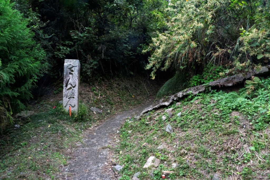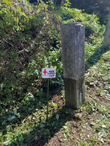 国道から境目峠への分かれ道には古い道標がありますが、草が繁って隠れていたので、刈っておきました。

********

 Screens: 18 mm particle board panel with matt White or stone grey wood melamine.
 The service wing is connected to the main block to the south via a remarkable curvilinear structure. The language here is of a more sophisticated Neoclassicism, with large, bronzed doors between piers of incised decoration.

********

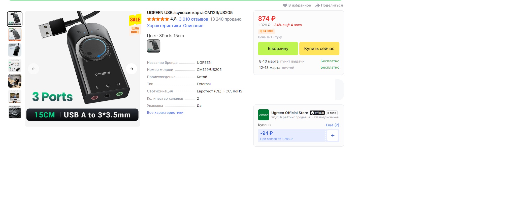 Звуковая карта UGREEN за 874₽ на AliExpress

********

Find out how many lines of the listing above include the word "with", and give that number alone.

RESULT
2